◆ **What the task requires**: Exactly as written and without the pictures, output the entries below.

+++ Data in this exercise

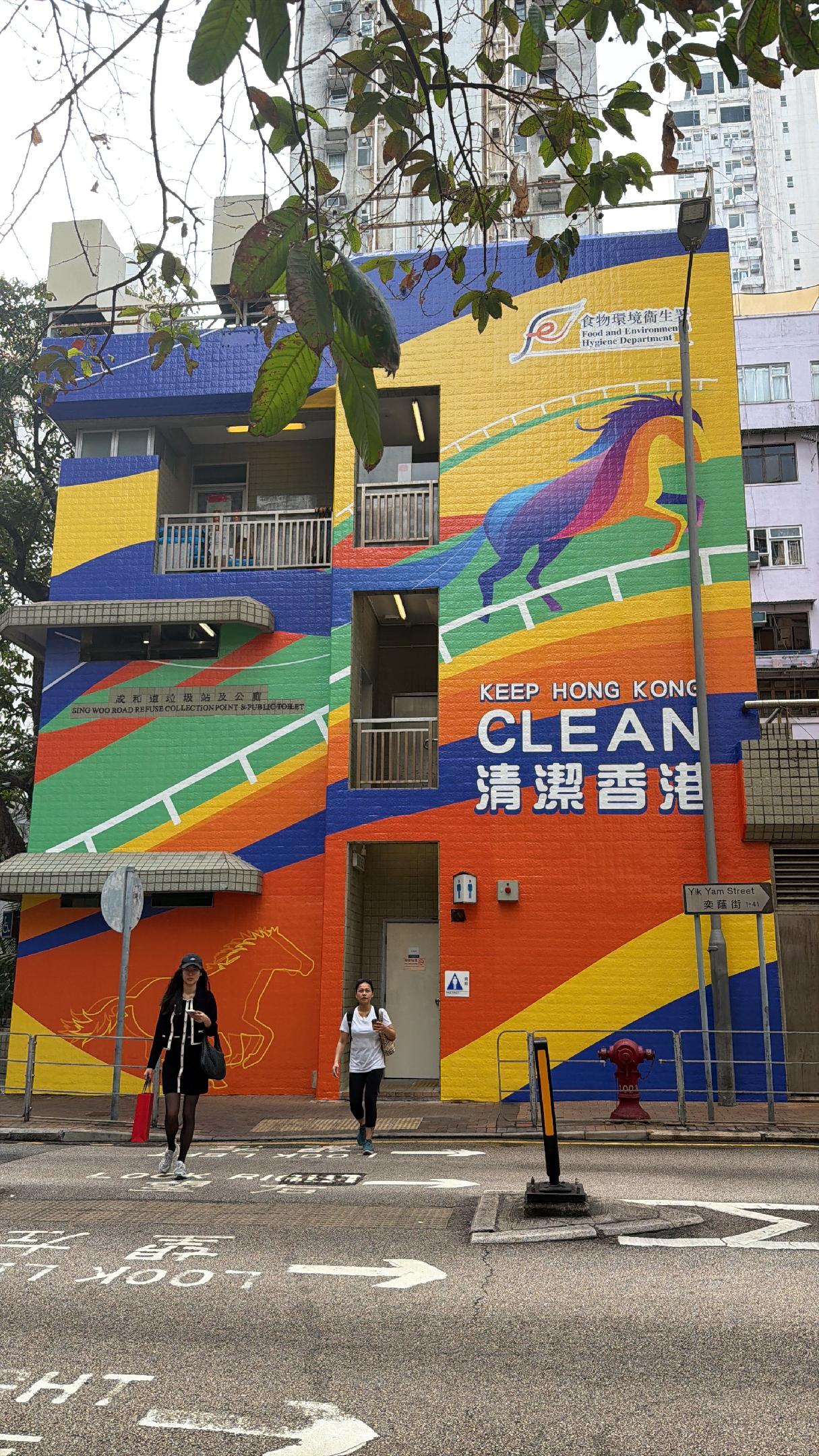 近日經過跑馬地道旁的公共廁所,眼前一亮!隔夜之間,它徹底換新顏,變身色彩繽紛,外牆特別繪上馬匹圖案,不單呼應「跑馬地」地名,更致敬賽馬文化。
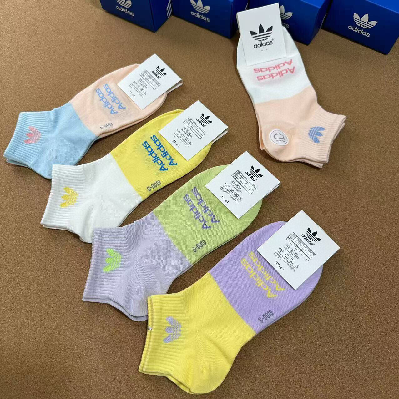 Elevate your sock game with the new Adidas Women's Color-Blocked Sock Set. Featuring the iconic clover logo, these socks showcase a stunning design that is both stylish and trendy. Made from 100% pure cotton, they offer exceptional softness and comfort for everyday wear. This set includes five pairs, making it a perfect addition to your wardrobe. Don’t miss out on this popular item of the year!
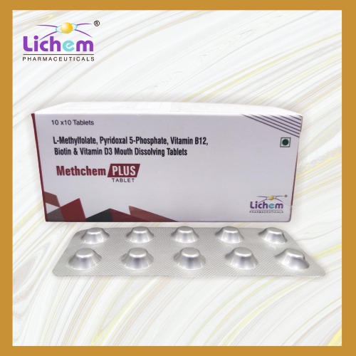 | METHCHEM PLUS Tab | L-METHYLFOLATE 1MG+PYRIDOXAL 5 PHOSPHATE 0.5MG+VIT B12 1500MCG+VIT D3 2000IU+BIOTIN 5MG | 10*10 (Alu Alu pack) | View Catalog | View Product |
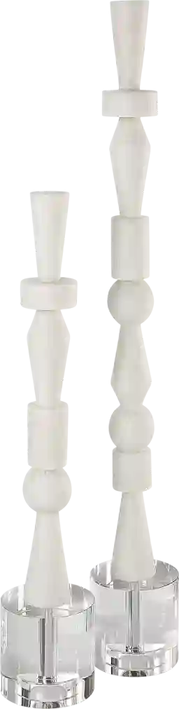 Geometric, stacked totems crafted from ivory man-made stone that accurately replicates the look of Wisby marble and is accented by an elegant crystal foot. Sizes S-4x21x4, L-4x28x4. Customer assembly is required.
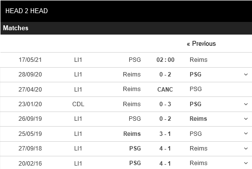 Thống kê đối đầu Paris Saint-Germain vs Reims
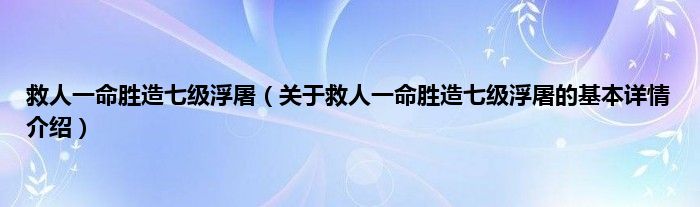 本文关于救人一命胜造七级浮屠的基本详情介绍就讲解完毕,希望对大家有所帮助。
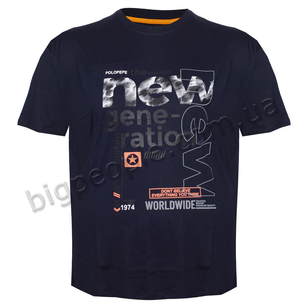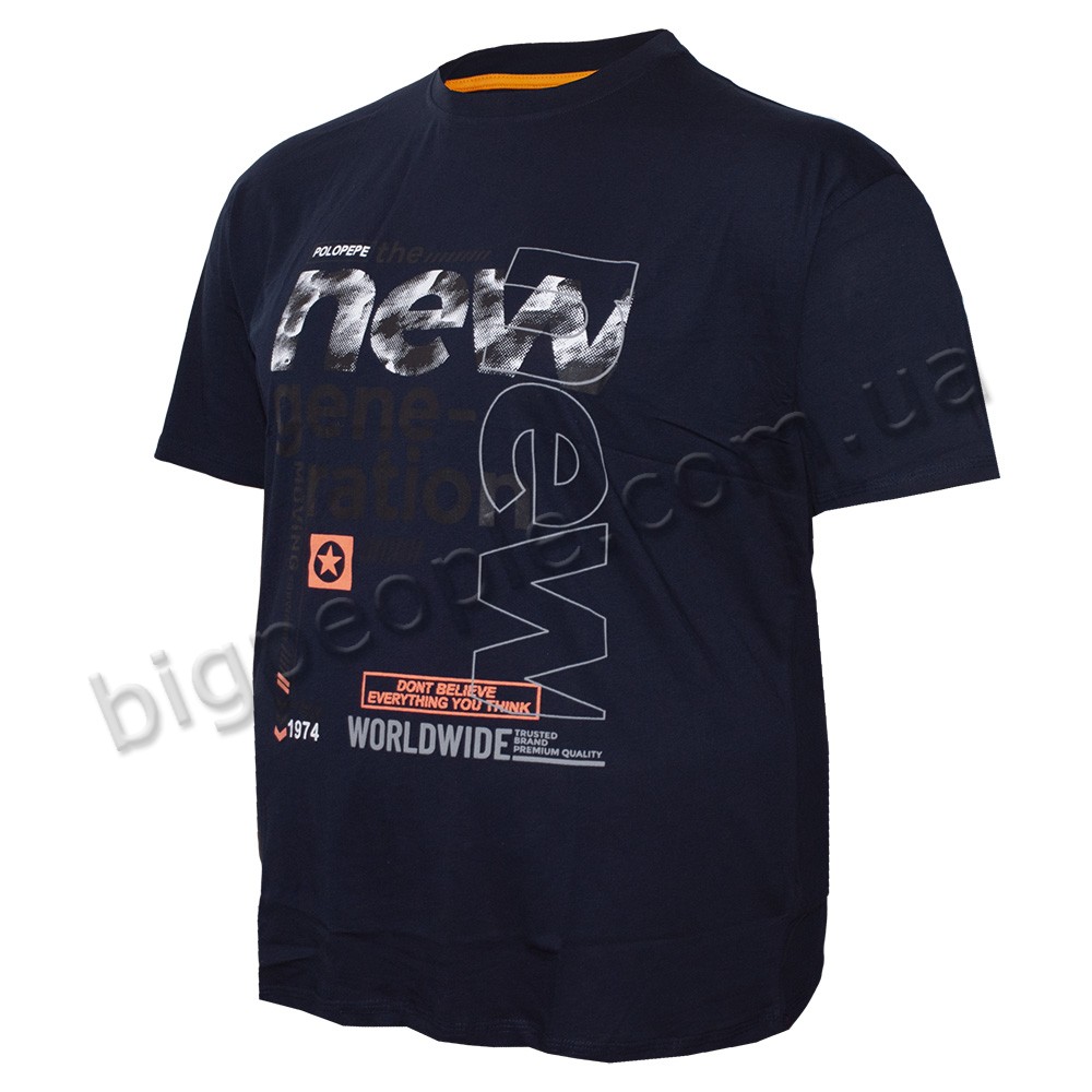 Футболка POLO PEPE для великих чоловіків. Колір темно-синій. На виробі присутній оригінальний малюнок. Виробництво Туреччина. Склад cotton (бавовна) 100%.

++++++

◆ **Answer to the exercise**:
 近日經過跑馬地道旁的公共廁所,眼前一亮!隔夜之間,它徹底換新顏,變身色彩繽紛,外牆特別繪上馬匹圖案,不單呼應「跑馬地」地名,更致敬賽馬文化。
 Elevate your sock game with the new Adidas Women's Color-Blocked Sock Set. Featuring the iconic clover logo, these socks showcase a stunning design that is both stylish and trendy. Made from 100% pure cotton, they offer exceptional softness and comfort for everyday wear. This set includes five pairs, making it a perfect addition to your wardrobe. Don’t miss out on this popular item of the year!
 | METHCHEM PLUS Tab | L-METHYLFOLATE 1MG+PYRIDOXAL 5 PHOSPHATE 0.5MG+VIT B12 1500MCG+VIT D3 2000IU+BIOTIN 5MG | 10*10 (Alu Alu pack) | View Catalog | View Product |
 Geometric, stacked totems crafted from ivory man-made stone that accurately replicates the look of Wisby marble and is accented by an elegant crystal foot. Sizes S-4x21x4, L-4x28x4. Customer assembly is required.
 Thống kê đối đầu Paris Saint-Germain vs Reims
 本文关于救人一命胜造七级浮屠的基本详情介绍就讲解完毕,希望对大家有所帮助。
 Футболка POLO PEPE для великих чоловіків. Колір темно-синій. На виробі присутній оригінальний малюнок. Виробництво Туреччина. Склад cotton (бавовна) 100%.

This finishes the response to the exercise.